1. Who plays Winston Churchill in the upcoming film Darkest Hour?
2.  An ocelot is what type of animal?
3. Is a fricassee fried, stewed or roasted?
4. Which Christmas carol features the lyrics: “O star of wonder, star of night / Star with royal beauty bright / Westward leading, still proceeding/ Guide us to thy perfect Light”?
5. In golf, what is the name for a second chance at a shot?
6. What is the largest and most populous island in the Philippine archipelago?
7. What is five-eighths as a percentage?
8. The Khyber Pass is a mountain pass near the borders of which two nations? 
9. Cyathea dealbata, the unofficial floral emblem of New Zealand, is more commonly known as what?
10. Who led the project to develop the first atomic bomb as part of the Manhattan Project?
11. What does a cruciverbalist enjoy solving?
12. What is the name for the soldiers responsible for the safety of the Pope and the Vatican?
13. In which Shakespeare play do the characters Prospero, Miranda and Ariel appear?
14. What is the most well-known zip code of the Los Angeles suburb of Beverly Hills?
15. Which company this month struck a $68 billion deal to buy a portion of Rupert Murdoch’s 21st Century Fox?
16. What is the pH of pure water?
17. Where in the human body is the tibialis anterior muscle?
18. Tamil is an official language of which two countries?

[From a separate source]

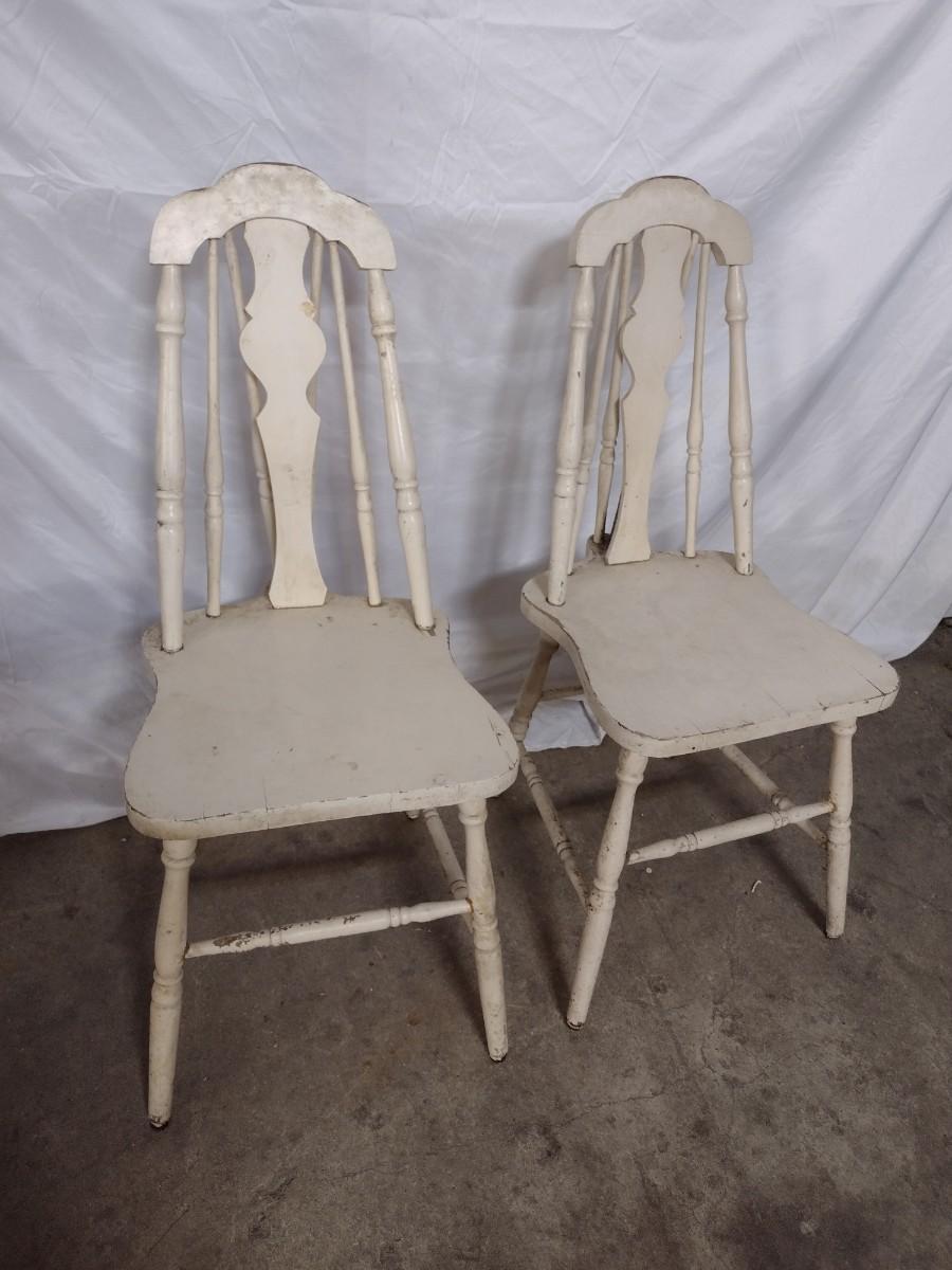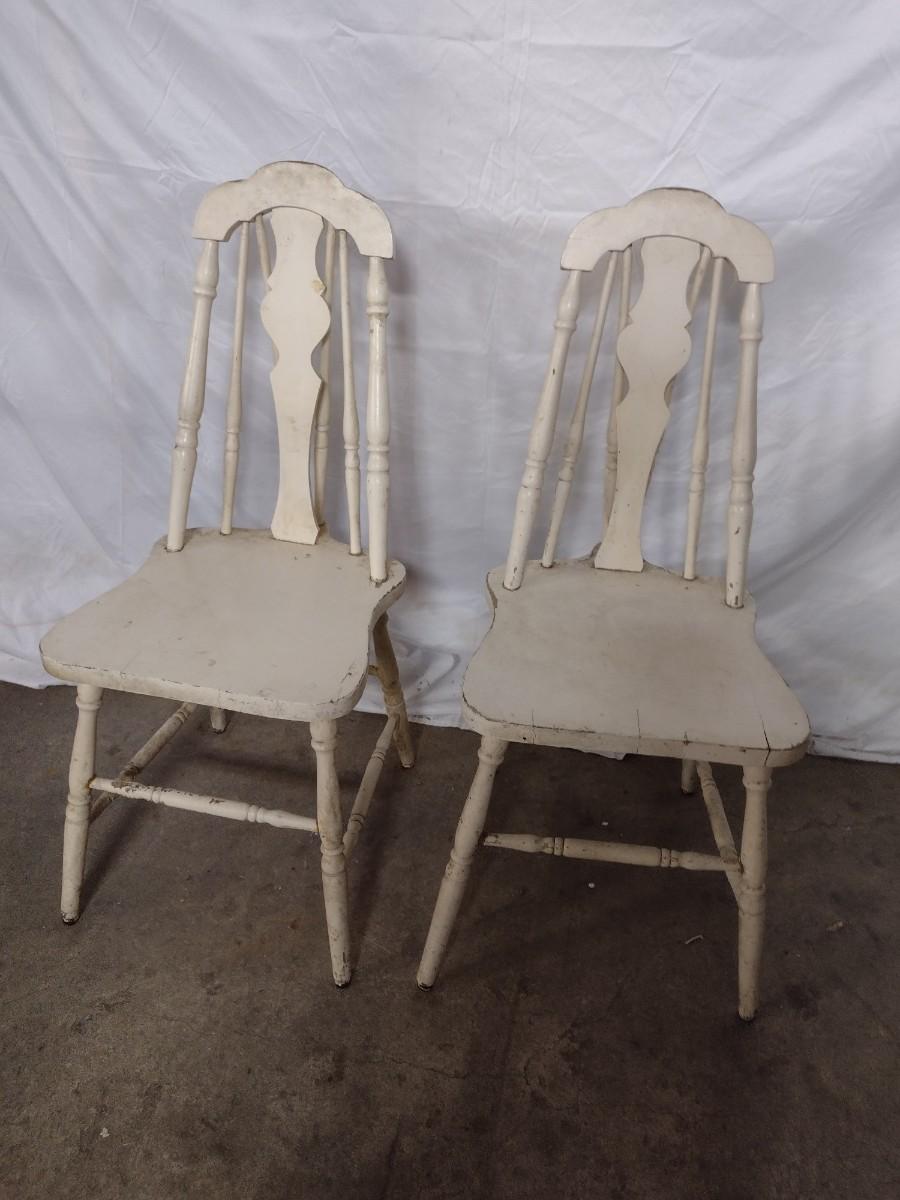 Pair of Antique Farm Chairs. Legs will need to be tightened

19. Which director links the films Victoria & Abdul, The Queen and Dangerous Liaisons?
20. What gives tonic water its distinctive flavour?
21. Who was named Time magazine Person of the Year for 2017?
22. Who was Australia’s prime minister from March 1983 to December 1991?
23. Name the author who was the first female director-general of MI5.
24. Blue Nude is a 1907 work by which artist?
25. What is one-third of four score and 10?
26. Name the captain of the England Test cricket team.
27. What date will Triple J’s Hottest 100 air in 2018?
28. What protein is the major component in hair and nails?
29. Military and political leader Simón Bolívar was born in which South American country?
30. Delft pottery comes from which country?
31. Which university is older: Oxford or Cambridge?
32. According to the proverb, many hands make what? 
33. The Hagia Sophia basilica is in which city?
34. How many republics made up the former Soviet Union: (a) 10, (b) 12, (c) 15, (d) 21?
35. Inigo Jones is famous in which field?
36. A maggot is the larval stage of which insect?
37. What was Australia’s first national park, proclaimed in 1879?
38. In which country was the zika virus first identified?
39. The Flyte family feature in what novel, first published in 1945?
40. Which 1988 film ends with the line: “If this is their idea of Christmas, I gotta be here for New Year’s”?